Господин Лаббе исчез вдалеке.
И вдруг Кашудаса охватила паника. Он не мог оставаться здесь! Ему было страшно. Он испытывал потребность удалиться как можно скорее, но в то же время боялся наткнуться на шляпника.
Он рисковал - с минуты на минуту его могли задержать. Только что патрульный направил ему в лицо свет электрического фонарика. Его увидели, узнали. Как объяснит он свое присутствие в этом квартале, где ему нечего было делать и где сейчас совершено убийство?
Ну и пусть! Лучше пойти в полицию и все рассказать. Он шел. Он быстро шел, беззвучно шевеля губами.
- Я всего-навсего бедный портняжка, господин комиссар, но клянусь вам своими детьми...
От малейшего шума он подскакивал на месте. Почему бы шляпнику не подкараулить его в каком-нибудь темном углу, как ту старую даму?
Он заставлял себя идти окольными путями, петлять в маленьких улочках, где никогда раньше не бывал.
- Он не мог предвидеть, что я пойду этой дорогой... В конце концов, не так уж он глуп.
- Я готов сказать вам правду, но вы должны дать мне для охраны одного или двух человек, пока его не посадят в тюрьму...
Если понадобится, он подождет в участке. Там не слишком уютно, но за свою жалкую жизнь эмигранта он видал места и похуже. Зато он не будет слышать визга своей ребятни, уже хорошо.
Это было не так уж далеко от его дома. Двумя улицами дальше от улицы де Премонтре. Он уже видел красную лампу с надписью "Полиция". На пороге, как всегда, наверняка стоят один или два полицейских. Ему больше нечего было опасаться. Он был спасен.
- Вы совершили бы ошибку, месье Кашудас...
Он остановился как вкопанный. Голос был настоящий, голос человека из плоти и крови, голос шляпника. И сам шляпник стоял тут же, прислонившись к стене. Его невозмутимое лицо едва виднелось в темноте.
Разве знаешь, что сделаешь в такую минуту? Он пролепетал:
- Прошу прощения...
Как если бы толкнул кого-то на улице. Как если бы наступил даме на ногу.

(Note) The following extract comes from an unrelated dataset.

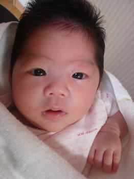 早いもので、今日で真織が生まれて一ヵ月です。なんだかあっという間でした。でも私の人生の中ではとても幸せで、慌ただしいながらもどこかやさしい時が流れていました。昨日体重を量ったら、4500グラムくらいになってました。一ヵ月で1500グラム増えて肉付きがよくなりました。生まれてきたときはほっそり小さく壊れそうな感じでした。肉づきがよくなって赤ちゃんらしくなっていい感じです。昨夜はめずらしく夜中一時から四時までぐずぐず泣き。私もそれに付き合って眠い~です。変な話ですが、赤ちゃんはハナクソが鼻の穴が小さすぎて取れないので、シッターさんいわく無理して取ると粘膜傷つけるし、吸引器は新生児には強すぎるから、なるべく赤ちゃんが自力で出すか、私が軽く吸ってだすかでやってね、と言われていて。。これで出なくて不快で泣いてました。見ている私も、代われるなら代わってあげたい・・といつも思います。。 真織は理由がちゃんとある時にしか泣かないのですが、その理由の一つがこの鼻問題なのです。。(>_<)早く鼻の穴が大きくなって自分で取れるようになるといいね!明日は一ヵ月検診にいってきます。私もかなり子宮の下がりがなくなってきました。私も産後の内診などあるみたいです。ここ2、3日、涼しい朝や夕方に真織もスリングに入って少しだけマイキーたちとお散歩。ご近所の方達やお散歩仲間の方にも真織を少しずつお披露目。みなさんに歓迎してもらってます。母親としてはとてもうれしいですね。

Затем, поскольку ему ничего не отвечали, поскольку его не трогали, он повернулся. Спокойно. Незачем, чтобы это выглядело бегством. Наоборот, нужно идти так, как шагает нормальный человек. За ним последовали не сразу. Ему давали возможность оторваться. Наконец, шаги - ни более быстрые, ни более медленные, чем его. Значит, теперь шляпник не успеет его догнать.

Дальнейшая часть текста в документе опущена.